With the above changes, we are instructing CloudFormation to assign a new name to our Lambda function, use a different Lambda handler (which we will match with our Lambda filename when modifying the Lambda function in the src directory), and change the API endpoint name for improved semantics. 🛠️

3. Next, look for the getByIdFunction and change its name to getBlockByHashFunction
4. As we did before, update the Handler, Description, and API Path following the code below:

getBlockByHashFunction:
    Type: AWS::Serverless::Function
    Properties:
      Handler: src/handlers/get-block-by-hash.getBlockByHashHandler
      Runtime: nodejs18.x
      Architectures:
        - x86_64
      MemorySize: 128
      Timeout: 100
      Description: HTTP get method to retrieve block by hash from the Dynamo DB
      Policies:
        # Give Create/Read/Update/Delete Permissions to the SampleTable
        - DynamoDBCrudPolicy:
            TableName: !Ref SampleTable
      Environment:
        Variables:
          # Make table name accessible as environment variable from function code during execution
          SAMPLE_TABLE: !Ref SampleTable
      Events:
        Api:
          Type: Api
          Properties:
            Path: /get-blocks-by-hash/{hash}
            Method: GET

5. Now, look to modify the putItemFunction and change its name to storeBlockDataFunction
6. Then modify the Handler, Description, and API Path following the code below.

storeBlockDataFunction:
    Type: AWS::Serverless::Function
    Properties:
      Handler: src/handlers/store-block-data.storeBlockDataHandler
      Runtime: nodejs18.x
      Architectures:
        - x86_64
      MemorySize: 128
      Timeout: 100
      Description: HTTP post method to be called from the Alchemy custom webhooks and store a block to a DynamoDB table.
      Policies:
        # Give Create/Read/Update/Delete Permissions to the SampleTable
        - DynamoDBCrudPolicy:
            TableName: !Ref SampleTable
      Environment:
        Variables:
          # Make table name accessible as environment variable from function code during execution
          SAMPLE_TABLE: !Ref SampleTable
      Events:
        Api:
          Type: Api
          Properties:
            Path: /store-block-data
            Method: POST

7. Finally, let's modify our DynamoDB instance by changing the PrimaryKey name from id to hash, and the ReadCapacityUnits and WriteCapacityUnits from 2 to 5 (remember to save your changes):

SampleTable:
    Type: AWS::Serverless::SimpleTable
    Properties:
      PrimaryKey:
        Name: hash
        Type: String
      ProvisionedThroughput:
        ReadCapacityUnits: 5
        WriteCapacityUnits: 5

📘

Note:

You can learn more about ReadCapacityUnits and WriteCapacityUnits on the official AWS docs.
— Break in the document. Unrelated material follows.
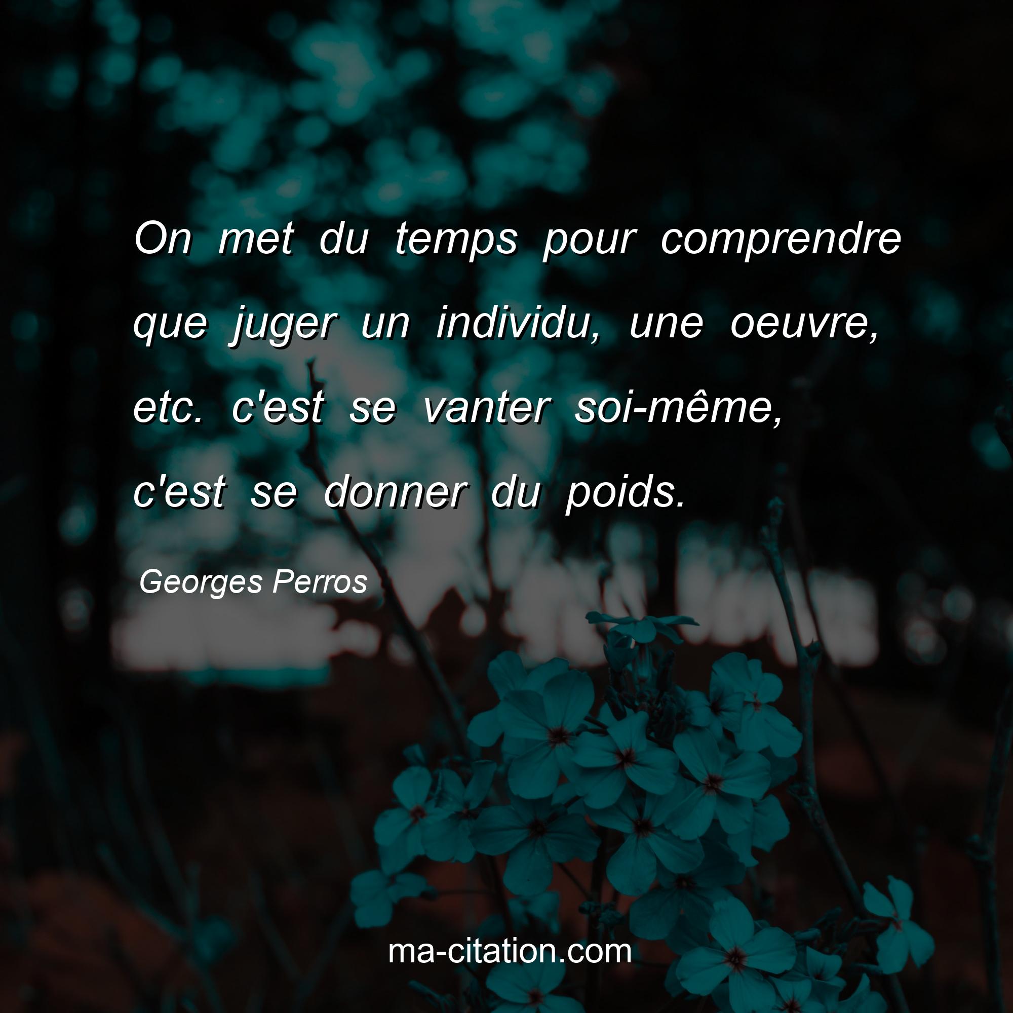 Citation sur la vie de Georges Perros :On met du temps pour comprendre que juger un individu, une oeuvre, etc. c'est se vanter soi-même, c'est se donner du poids.

Compare your template.yaml file, with the one used in this tutorial, visiting our Github repo.

With our template.yaml file ready, we can modify the Lambda functions to handle blockchain data received from Alchemy’s Custom Webhooks, store it on the DynamoDB instance, and reflect the changes made in the template.yaml file.

Step 4: Modify the Lambda Functions to Store & Retrieve Block Data

The Lambda functions contained in the serverless API template created by SAM already have most of the logic needed to create our blockchain data ingesting infrastructure - sweet!

We will proceed to copy-and-paste the required functions and go through the changes together (feel free to familiarize yourself with the code).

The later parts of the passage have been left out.